Information supplied.

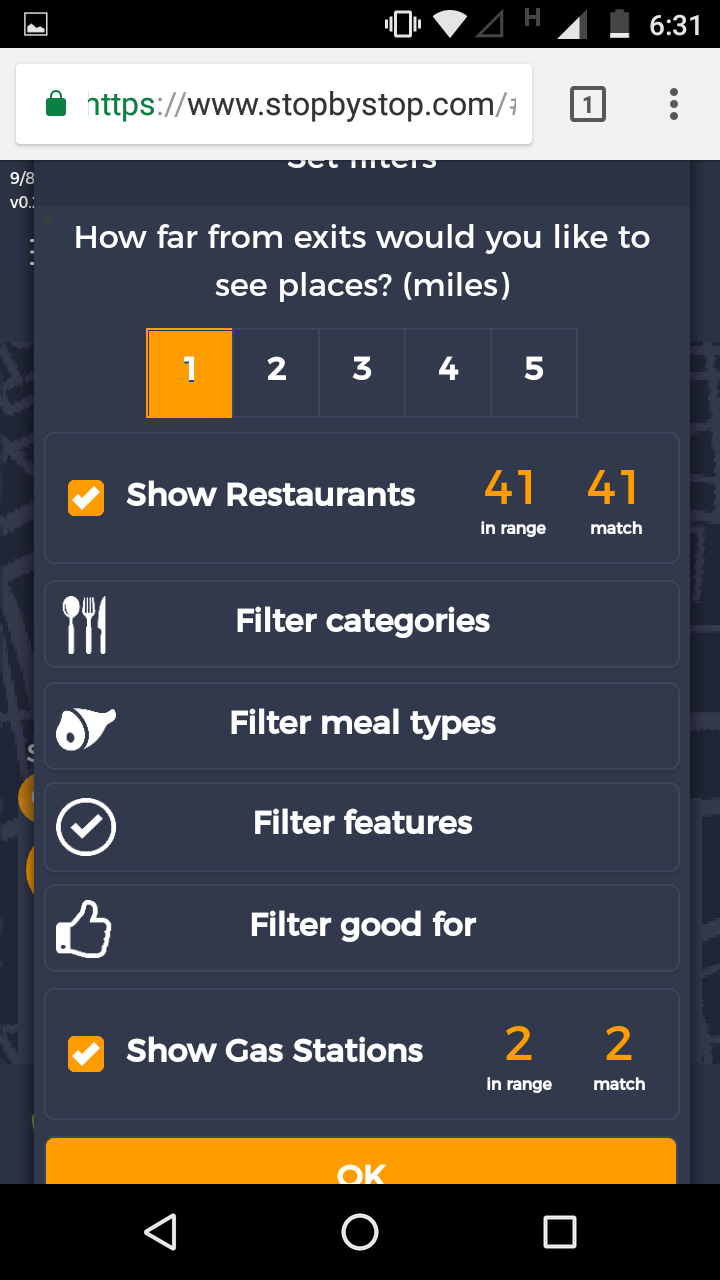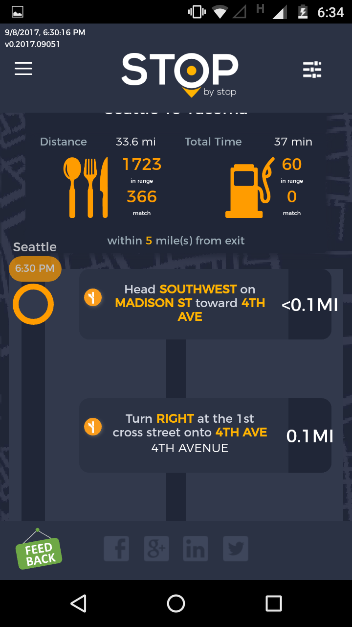 5. FiltersDistancePropagateToExit. A. Open Seattle to Tacoma route. B. Click on Filters and select 1 mile from exit. C. Close Filters popup and navigate to exit page. D. On the exit page open Filters popup and verify that distance settings (1 mile from exit) from route page are propagated. E. Take screenshot. |
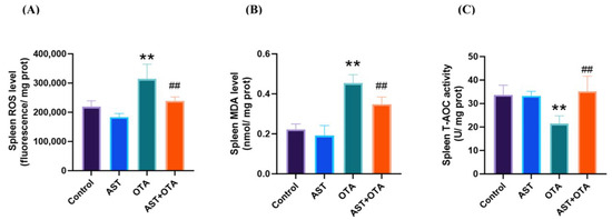 Figure 5A,B demonstrates that splenic ROS and MDA levels were significantly elevated in the OTA group compared with the Control group (p< 0.01). In contrast, the AST + OTA group showed markedly reduced ROS and MDA levels relative to the OTA group (p < 0.01). As shown in Figure 5C, T-AOC activity was significantly lower in the OTA group than in the Control group (p < 0.05), while the AST + OTA group exhibited increased T-AOC activity compared with the OTA group (p < 0.05). These results indicate that OTA significantly increases ROS production and MDA accumulation while impairing antioxidant capacity in chicken spleen, whereas AST effectively mitigates OTA-induced oxidative stress.
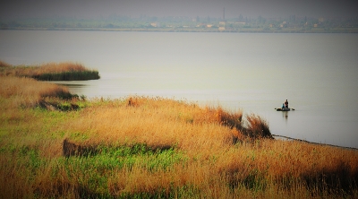 Озеро у пос Ивановка.Слева от камышей Чёрное море. В ожидании сына забралась на гору,посмотреть издали озеро. Вечереет. Красиво..На том берегу посёлок.

Work instruction.
Could you give the material above again, exactly and without its pictures?

Result.
 5. FiltersDistancePropagateToExit. A. Open Seattle to Tacoma route. B. Click on Filters and select 1 mile from exit. C. Close Filters popup and navigate to exit page. D. On the exit page open Filters popup and verify that distance settings (1 mile from exit) from route page are propagated. E. Take screenshot. |
 Figure 5A,B demonstrates that splenic ROS and MDA levels were significantly elevated in the OTA group compared with the Control group (p< 0.01). In contrast, the AST + OTA group showed markedly reduced ROS and MDA levels relative to the OTA group (p < 0.01). As shown in Figure 5C, T-AOC activity was significantly lower in the OTA group than in the Control group (p < 0.05), while the AST + OTA group exhibited increased T-AOC activity compared with the OTA group (p < 0.05). These results indicate that OTA significantly increases ROS production and MDA accumulation while impairing antioxidant capacity in chicken spleen, whereas AST effectively mitigates OTA-induced oxidative stress.
 Озеро у пос Ивановка.Слева от камышей Чёрное море. В ожидании сына забралась на гору,посмотреть издали озеро. Вечереет. Красиво..На том берегу посёлок.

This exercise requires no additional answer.